CRP is an important marker of inflammation, and its measurement using commercially available hs-CRP assays can aid in ASCVD risk stratification. A large body of available evidence guides the treatment of patients with traditional ASCVD risk factors (ie, hypertension, diabetes mellitus, hyperlipidemia, smoking, obesity) using a combination of lifestyle changes and pharmacotherapies. There is a relative paucity of evidence demonstrating improved ASCVD outcomes following the treatment of an elevated CRP level on top of treating traditional ASCVD risk factors. As such, professional guidelines do not recommend the routine use of hs-CRP to screen for ASCVD risk in the general population. However, screening with hs-CRP appears reasonable in selected populations considered at intermediate risk for ASCVD based on clinical risk factors using one or more of the available risk calculators (ie, 10 to 20 percent at 10 years) in whom treatment with a statin would be expected to reduce the risk of future ASCVD events by 25 percent or more. (See "Cardiovascular disease risk assessment for primary prevention: Risk calculators".)

For patients at intermediate risk for ASCVD (ie, 10 to 20 percent risk at 10 years) who do not otherwise qualify for lipid-lowering therapy, we suggest a screening measurement of hs-CRP. We take the following approach to the interpretation of these values:

A value above 10 mg/L should prompt consideration of a source of infection or inflammation, with repeat measurement of hs-CRP in two weeks.

A value of 3 to 10 mg/L should prompt a discussion regarding overall ASCVD risk, lifestyle modifications, management of risk factors for atherosclerosis, and the possibility of risk reduction therapy using a statin.

A value of 1 to 3 mg/L should be repeated in two weeks to determine an average value and prompt a discussion regarding lifestyle modifications and the potential for treatment with a statin if the hs-CRP value is 2.0 mg/L or greater.

A value <1 mg/L suggests a lower risk of future ASCVD events.

Different cutoffs may be required for non-white patients in whom risk related to CRP appears variable based on different baseline values of CRP. (See 'Variability within ethnic groups' above.)

Recommendations of others — Several groups have issued guidelines addressing the role of CRP in screening for coronary heart disease (CHD).

In 2018, the United States Preventive Services Task Force (USPSTF) issued recommendations about the use of nontraditional risk factors in the risk assessment for CHD [122,123]. They concluded with regard to hs-CRP testing that there are insufficient data to assess the balance of benefits and harms of using CRP to screen asymptomatic men and women to prevent CHD events.

In 2009, the Canadian Cardiovascular Society issued guidelines covering the treatment of dyslipidemia and the prevention of ASCVD [124]. Screening hs-CRP was recommended in men older than 50 years and women older than 60 years who were at intermediate risk by the Framingham Risk Score (FRS; 10 to 20 percent at 10 years) and who would otherwise not qualify for lipid-lowering therapy because of an LDL <3.5 mmol/L (135 mg/dL).
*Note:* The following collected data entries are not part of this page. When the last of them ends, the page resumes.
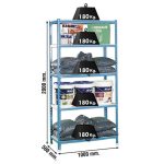 La estantería metálica SIMON RACK kit Simonclick Plus 5/5 cuenta con cinco estantes, cada uno con una capacidad de carga de hasta 180 kg, brindando una resistencia adecuada para diversos usos. El sistema proporciona acceso libre a todos los estantes y no incluye aspas de arriostramiento, optimizando la accesibilidad. Su estructura está recubierta con pintura epoxi poliéster azul y las bandejas son blancas, lo que garantiza durabilidad y un atractivo visual. Puedes consultar el video del montaje que tenemos en nuestra web.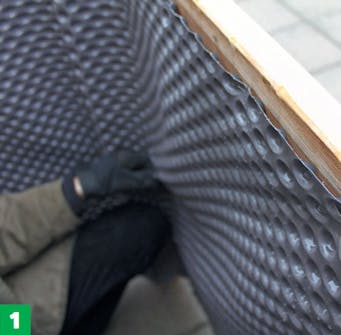 Grundmurspladen monteres med søm. Den kaldes også platonplade og beskytter træet mod fugten og jorden i højbedet.
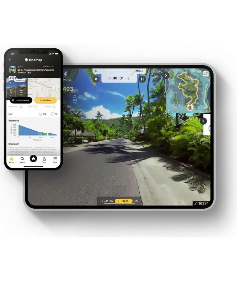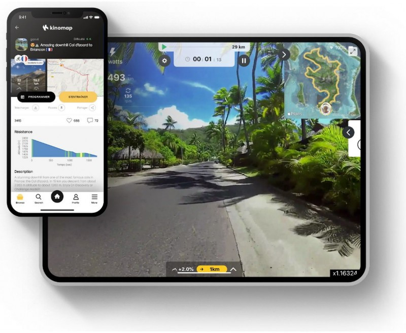 Пользователь может выбирать из тысяч уже созданных другими спортсменами маршрутов. Приложение в режиме реального времени меняет наклон и уровень сопротивления на вашем тренажёре. Получается не менее интересно, чем на реальном маршруте на открытом воздухе: можно путешествовать по разным странам, не выходя из комнаты, и параллельно приводить себя в форму.
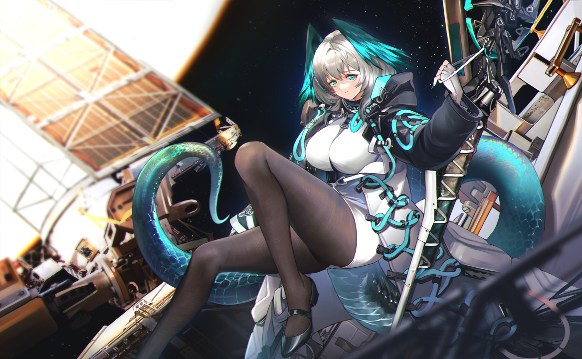 微笑、动漫、女孩、武士、龙女、龙尾巴、太空、科技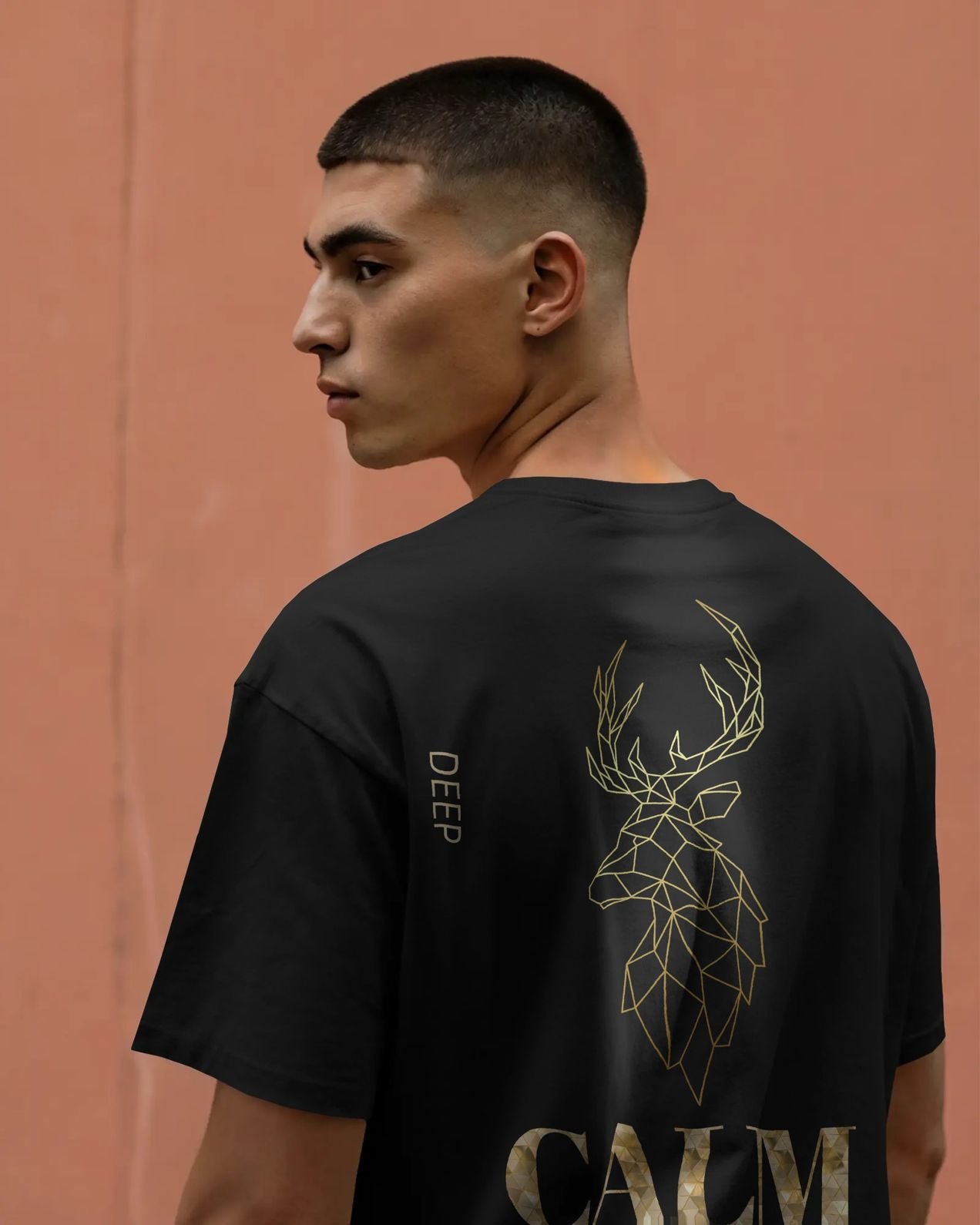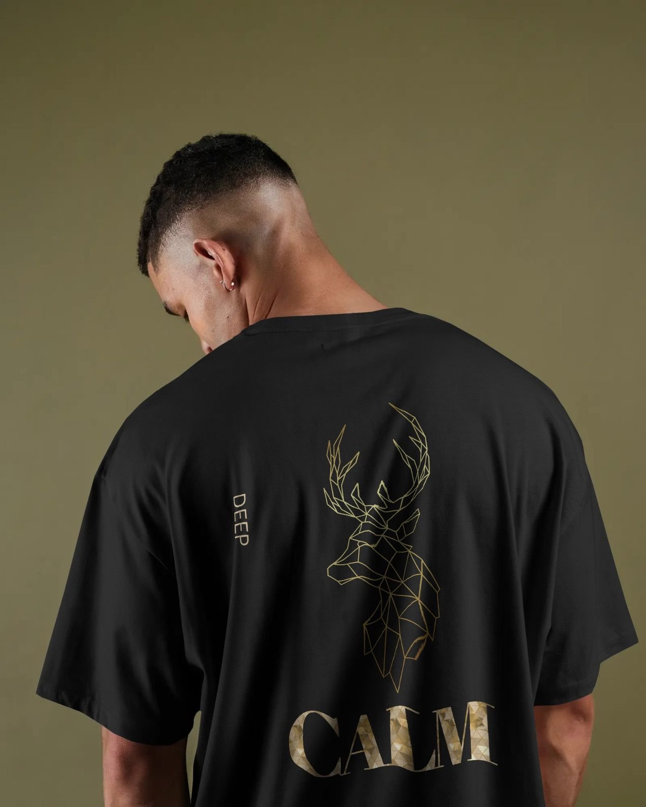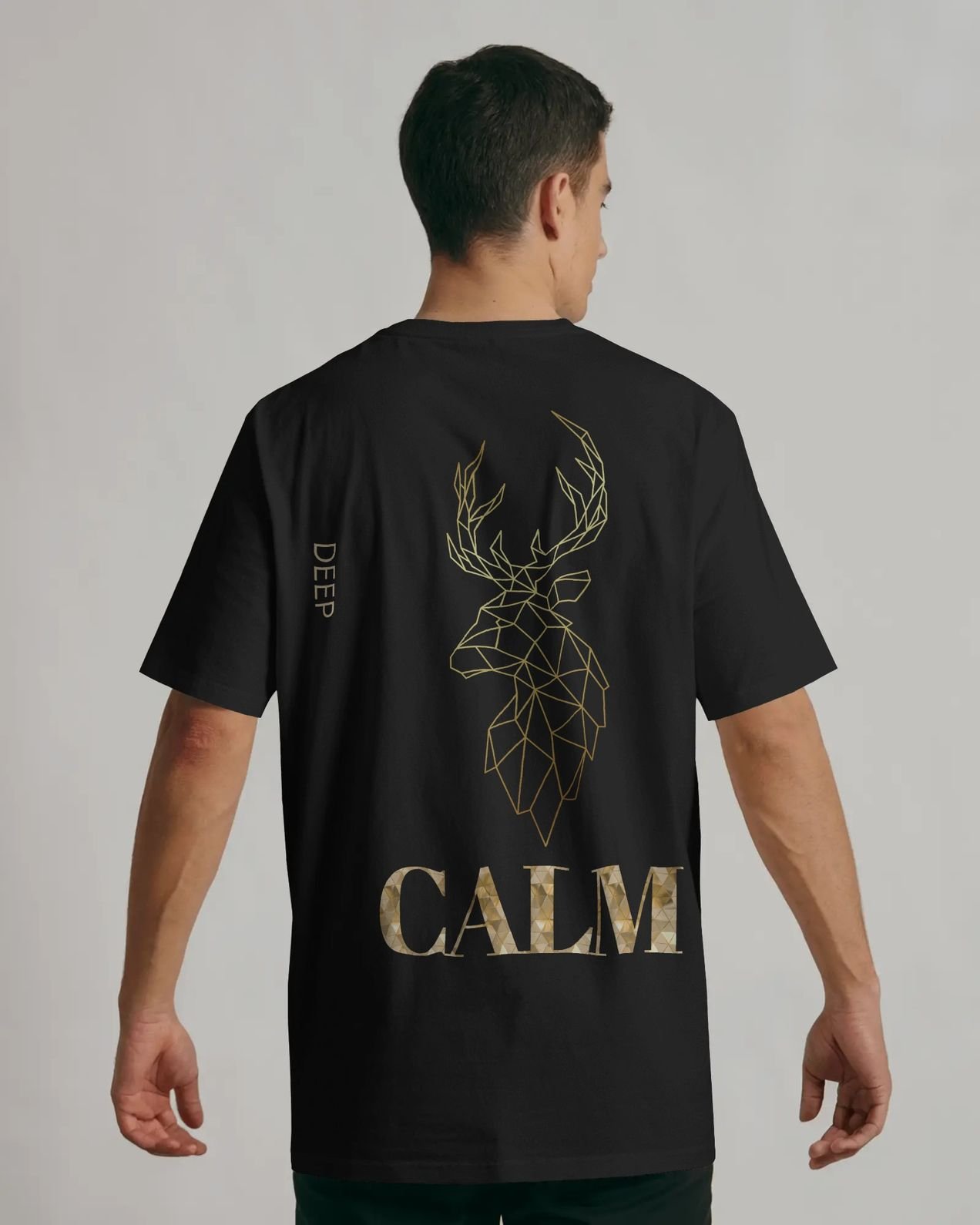 The deer—symbolizing strength, focus, and calm awareness—is placed centrally on the back, paired with the bold yet subtle CALM typography and minimal vertical “DEEP” text detail. The contrast of metallic gold tones against a deep black base creates a luxurious, modern aesthetic that stands out without being loud.

These individuals were felt to benefit from screening with hs-CRP due to a potential benefit from statin therapy in those with elevated hs-CRP levels [120].

The 2003 CDC/AHA statement on markers of inflammation and CVD included the following conclusions concerning the use of serum hs-CRP measurements in determining cardiovascular risk that remain pertinent to its clinical application [2]:

If used, hs-CRP should be measured twice, optimally two weeks apart, with the values averaged. Values should be reported in mg/L.

Low-, intermediate-, and high-risk CRP values were defined as <1, 1 to 3, and >3 mg/L. A value above 10 mg/L should be repeated after an interval of at least two weeks and the patient evaluated for infection or inflammation.

In patients at intermediate risk for ASCVD (10 to 20 percent at 10 years by the FRS), hs-CRP may help direct further evaluation and therapy for primary prevention, at the discretion of the clinician.

EFFECT OF THERAPY — A number of drugs used in the treatment of ASCVD and certain dietary modifications reduce serum CRP. It is therefore possible that reduced inflammation contributes to the beneficial effects of these medications.

Statins

Effect on CRP — Multiple statins significantly decrease serum CRP in patients with hyperlipidemia; this decrease appears to be independent of reductions in low density lipoprotein-cholesterol (LDL-C) [125-128]. The effect of statins on CRP may be mediated in part by reduced monocyte expression of interleukin (IL)-6 and tumor necrosis factor-alpha [129,130] or by direct suppression of CRP gene transcription [131].

Therapy with a statin reduces serum CRP both after an acute coronary syndrome (ACS) [73,127,132,133] and when given for primary prevention [128,134]. The fall in serum CRP is seen as early as 14 days [126]. In a literature review of 13 controlled trials, statins reduced CRP levels by 13 to 50 percent compared with placebo; there was no advantage of one statin over another in five studies making direct comparisons [132]. In phase Z of the A to Z trial, more intensive statin therapy was associated with a modestly greater reduction in CRP [132].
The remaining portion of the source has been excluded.